As mentioned earlier, we propose to achieve semantic segmentation with object detection network and spatial information as a replacement of the complex 2D instance segmentation net such as Mask-R-CNN.

To get fast detection speed along with high accuracy, we choose Efficient-Det²⁰ as the object detection network, which is claimed to achieve state-of-the-art performance in real time. Efficient-Det is trained on COCO data set²¹ and could segment 80 classes in total. It has seven versions of d0-d7, and the accuracy gradually improves with the speed decreases. The version d0 that we applied could achieve 38.2mAP on COCO 2017 validation data set with only 3.9 M parameters, which is enough to meet our accuracy requirements. The output of Efficient-Det is the object proposals with specified classes in the forms of a bounding box and a confidence score. We focus on several of the classes: “person,” “bicycle,” “car,” “bus,” “chair,” and “keyboard.” The left column of Figure 2 illustrates the result of Efficient-Det-d0. With respect to the amount of calculation, we only perform object detection in key frames.

Figure 2.

Results of the core steps in the proposed system. Left: Detection results of the Efficient-Det. Middle: Clustering results of the weighted-RANSAC solver. (The size of the circle reflects the probability that the point belongs to the object.) Right: Performance of the 3D point clouds segmentation. (a) fr3/sitting_halfsphere; (b) fr2/_desk_with_person; (c) run in the real-world.

Algorithm 1.

Joint Pose Estimation and 3D Segmentation.

Semantic probability map

Throughout the system, we maintain a probability map. The map records the probability that a data point comes from an object of interests or an unknown object (collectively processed as background). The probability map stores the label of a feature point and its probability of belonging to the current classification. To prevent overly complex calculations, we only allow each data point to have one possible label. If the point does not belong to any kind of objects of interests, it will be treated as a static point from the static background. In the subsequent estimation of camera poses, we will consider these points with a high possibility to be static to be more reliable and prefer to select these points for pose estimation.

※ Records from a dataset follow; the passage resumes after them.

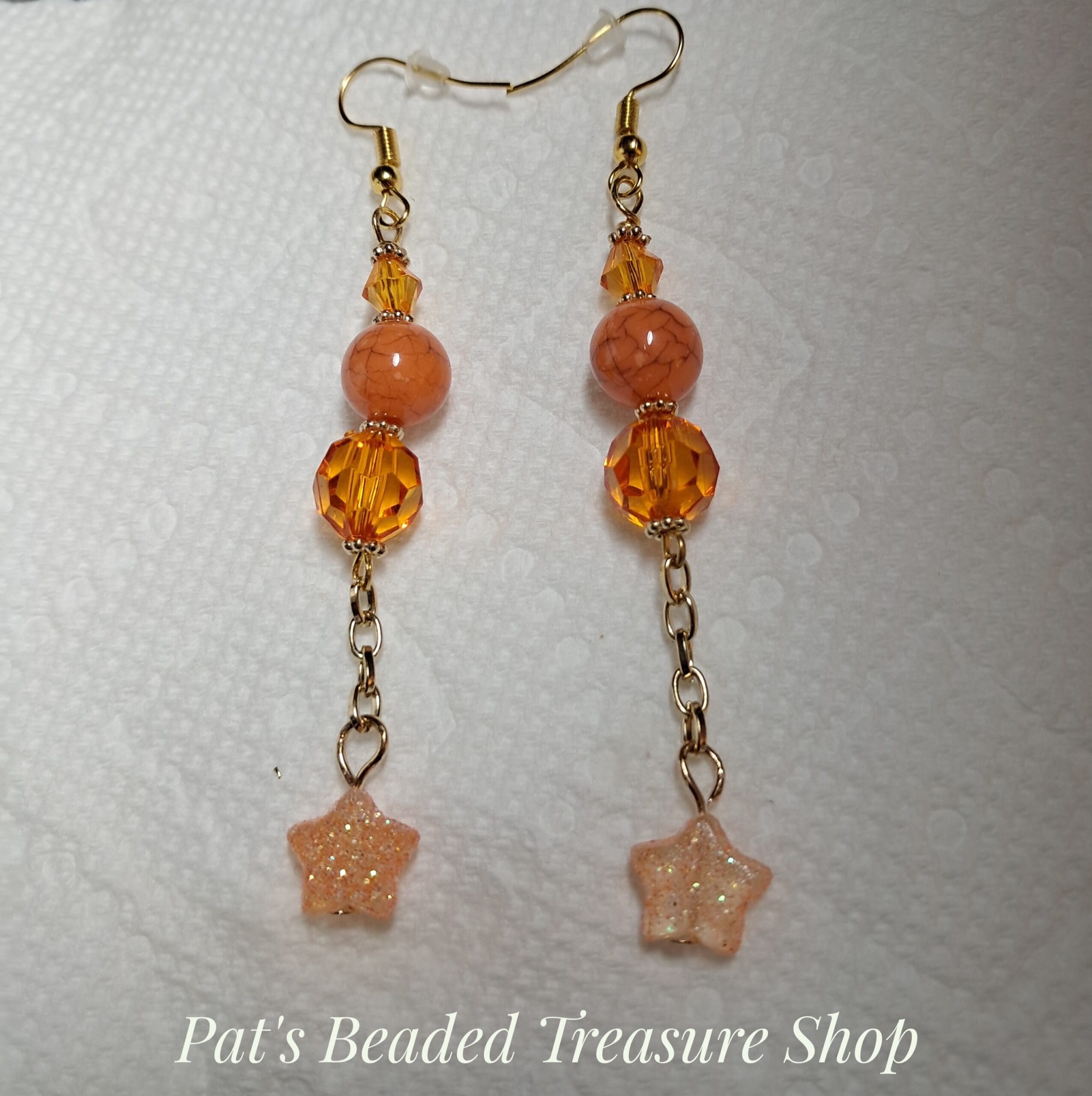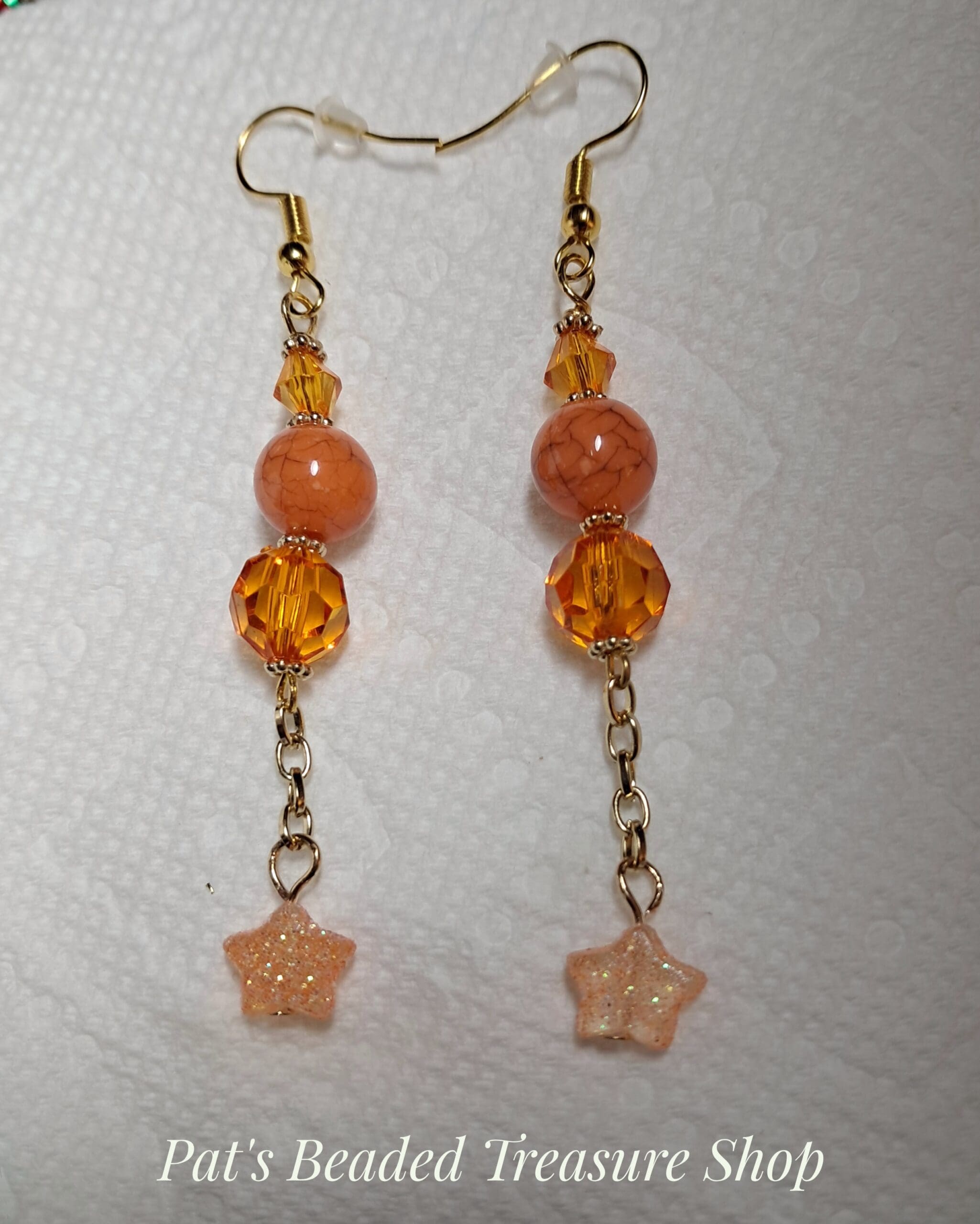 Handcrafted orange and gold dangle earrings featuring acrylic beads and glittering star charms. These earrings combine faceted orange crystal-style beads, crackle-style orange rounds, and dangling acrylic stars on gold-tone chain and gold plated fishhook ear wires.
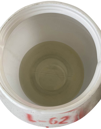 | L62 | 無色透明液體 | 2500 | 400 | 21~26 | — | ≤1.0 | 5.0~7.0 | 7 |
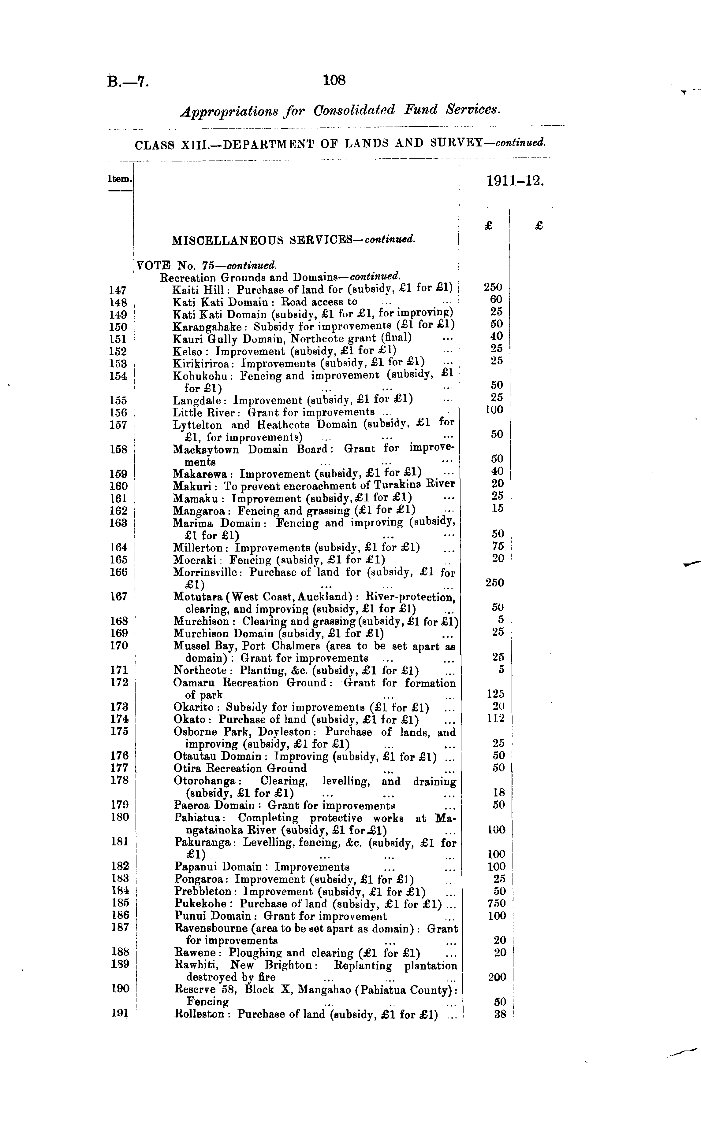 item. 1911-12. £ £ MISCELLANEOUS SERVICES— continued. 147 148 149 150 151 152 153 154 155 156 157 158 159 160 161 162 163 L64 165 166 167 168 169 170 VOTE No. 75— continued. Recreation Grounds and Domains— continued. Kaiti Hill: Purchase of land for (subsidy, £1 for £1) Kati Kati Domain : Road access to ... ■•• Kati Kati Domain (subsidy, £1 for £1, for improving) Karangahake : Subsidy for improvements (£1 for £1) j Kauri Gully Domain, Northcote grant (final) Kelso : Improvement (subsidy, £1 for £1) ••■ Kirikiriroa: Improvements (subsidy, £1 for £1) Kohukohu : Fencing and improvement (subsidy, £1 for£l) Laugdale: Improvement (subsidy, £1 for £1) Little River: Grant for improvements ... Lyttelton and Heathcote Domain (subsidy. £1 for £1, for improvements) Mackaytown Domain Board: Grant for improvements Makarewa : Improvement (subsidy, £1 for £1) ••■ Makuri: To prevent encroachment of Turakina River Mamaku : Improvement (subsidy, £1 for £1) Mangaroa: Fencing and grassing (£1 for £1) Marima Domain : Fencing and improving (subsidy, £lfor£l) Millerton : Improvements (subsidy, £1 for £1) Moeraki: Fencing (subsidy, £1 for £1) Morrinsville: Purchase of land for (subsidy, £1 for £1) Motutara (West Coast, Auckland) : River-protection, clearing, and improving (subsidy, £l for £1) Murchison : Clearing and grassing (subsidy, £1 for £1) Murchison Domain (subsidy, £1 for £1) Mussel Bay, Port Chalmers (area to be set apart as domain): Grant for improvements Northcote : Planting, &c. (subsidy, £1 for £1) Oamaru Recreation Ground : Grant for formation of park Okarito : Subsidy for improvements (£l for £1) Okato : Purchase of land (subsidy, £1 for £1) Osborne Park, Doyleston: Purchase of lands, and improving (subsidy, £1 for £1) Otautau Domain : Improving (subsidy, £1 for £1) ... Otira Recreation Ground Otorohauga: Clearing, levelling, and draining (subsidy, £1 for £1) Paeroa Domain : Grant for improvements Pahiatua: Completing protective works at Mangatainoka River (subsidy, £1 forjGl) Pakuranga: Levelling, fencing, &c. (subsidy, £1 for £1) Papanui Domain : Improvements Pongaroa: Improvement (subsidy, £1 for £1) Prebbleton : Improvement (subsidy, £1 for £1) Pukekohe : Purchase of land (subsidy, £1 for £1) ... Punui Domain : Grant for improvement Ravensbourne (area to be set apart as domain) : Grant for improvements Rawene : Ploughing and clearing (£1 for £1) Rawhiti, New Brighton: Replanting plantation destroyed by fire Reserve 58, Block X, Mangahao (Pahiatua County) : Fencing Rollesfcon : Purchase of land (subsidy, £1 for £1) ... i i 250 60 25 50 40 25 25 50 i 25 100 50 50 40 20 25 15 50 75 20 250 50 5 i 25 25 5 125 20 112 25 50 50 18 50 100 100 100 25 50 750 100 20 20 200 50 38 ! 171 172 173 174 175 176 177 178 179 180 181 182 183 184 185 186 187 188 1S9 190 191

Semantic probability map initialization

Since the object detection network can only provide us with the bounding box of the objects, the feature points in the bounding box cannot be distinguished to come from the object or the background. Given that the depth of the feature points is unknown at this time, we cannot make further judgments about the property of these points. To further segment the features in space, we mark all the feature points in the bounding box as potential semantic points. At the same time, an initial probability estimation is given. We believe that the feature points with a small distance from the center point of the bounding box will be more likely to come from that object. Suppose the center point coordinates of the bounding box are $O_{i} = {u_{O}, v_{O}}$ , the probability of a feature point $X_{i} = {u_{i}, v_{i}}$ comes from the object O _j is

\begin{array}{l} ξ_{i}^{j} = \frac{1}{{(2 π)}^{d / 2} {|Σ|}^{1 / 2}} exp [- \frac{1}{2} {(X_{i} - O_{j})}^{T} Σ^{- 1} (X i - O_{j} \end{array})]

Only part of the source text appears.